[WHAT YOU SHOULD DO]: In the records below, find the line with "图  (a) 铁镍氮化合物的中子衍射精修图谱以及(b)", then retype it and every following line exactly, stopping after the line with "深蓝色的连体背带裤有种莫名的". Leave the pictures out.

[MATERIAL PROVIDED]:

+++

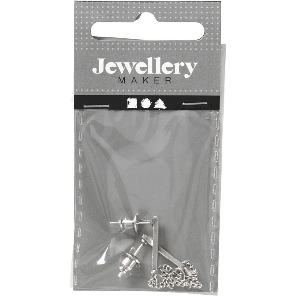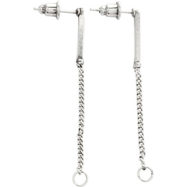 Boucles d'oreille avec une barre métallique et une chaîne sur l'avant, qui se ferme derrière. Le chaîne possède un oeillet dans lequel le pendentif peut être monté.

+++

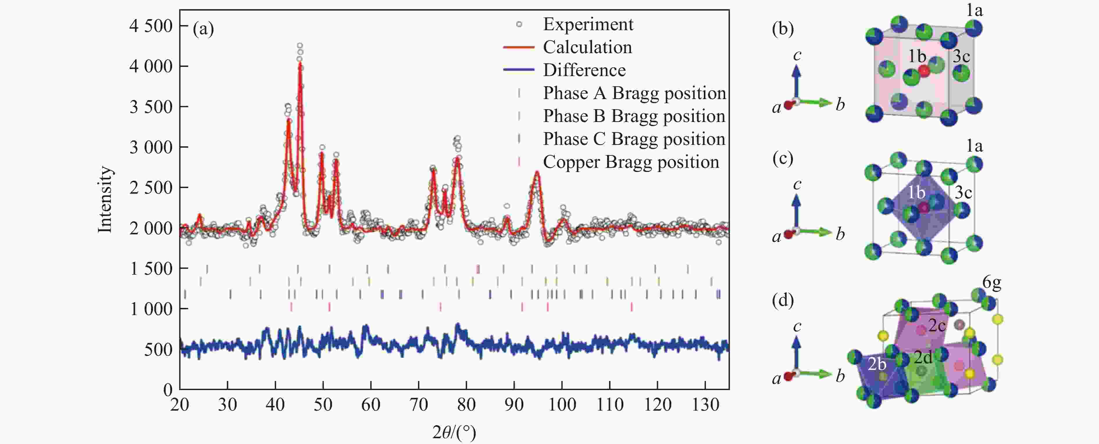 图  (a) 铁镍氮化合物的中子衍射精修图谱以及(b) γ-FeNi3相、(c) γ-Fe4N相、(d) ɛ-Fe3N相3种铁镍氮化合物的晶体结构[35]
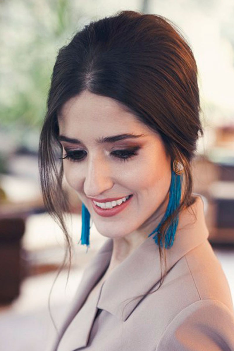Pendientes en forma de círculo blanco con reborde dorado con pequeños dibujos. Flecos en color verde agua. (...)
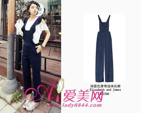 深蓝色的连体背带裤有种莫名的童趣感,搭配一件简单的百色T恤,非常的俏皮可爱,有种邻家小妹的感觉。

+++

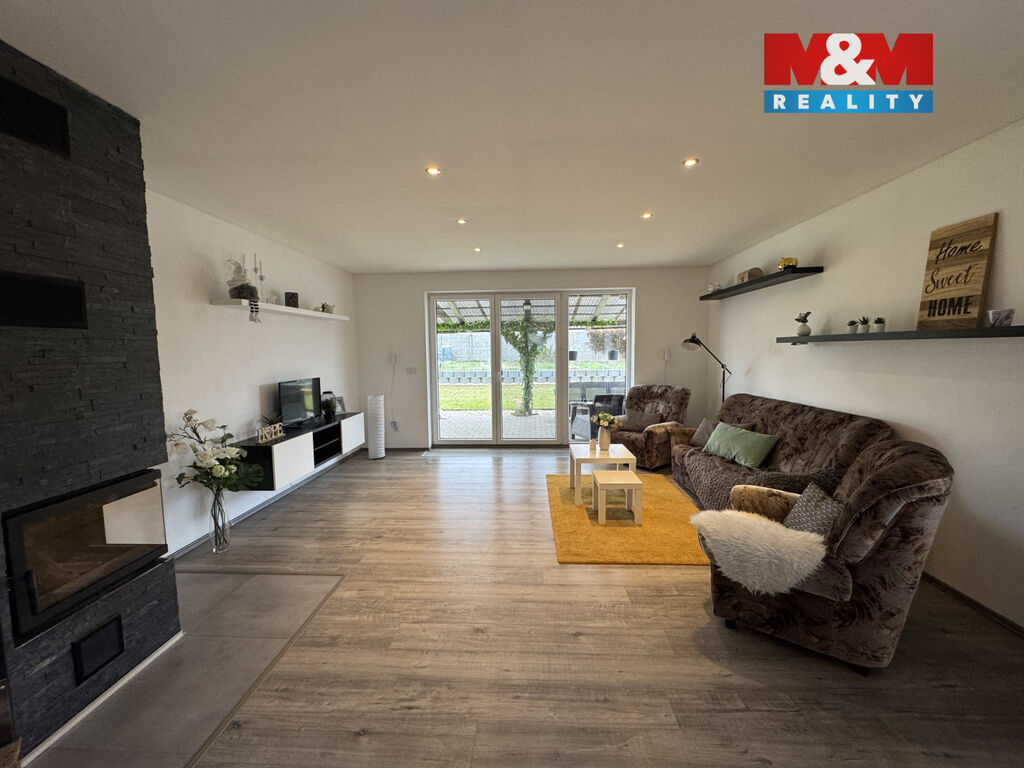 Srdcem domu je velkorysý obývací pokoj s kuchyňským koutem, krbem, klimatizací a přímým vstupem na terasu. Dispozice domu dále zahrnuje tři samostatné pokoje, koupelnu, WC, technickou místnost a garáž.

+++

[ANSWER TO THIS PROBLEM]:
 图  (a) 铁镍氮化合物的中子衍射精修图谱以及(b) γ-FeNi3相、(c) γ-Fe4N相、(d) ɛ-Fe3N相3种铁镍氮化合物的晶体结构[35]
Pendientes en forma de círculo blanco con reborde dorado con pequeños dibujos. Flecos en color verde agua. (...)
 深蓝色的连体背带裤有种莫名的童趣感,搭配一件简单的百色T恤,非常的俏皮可爱,有种邻家小妹的感觉。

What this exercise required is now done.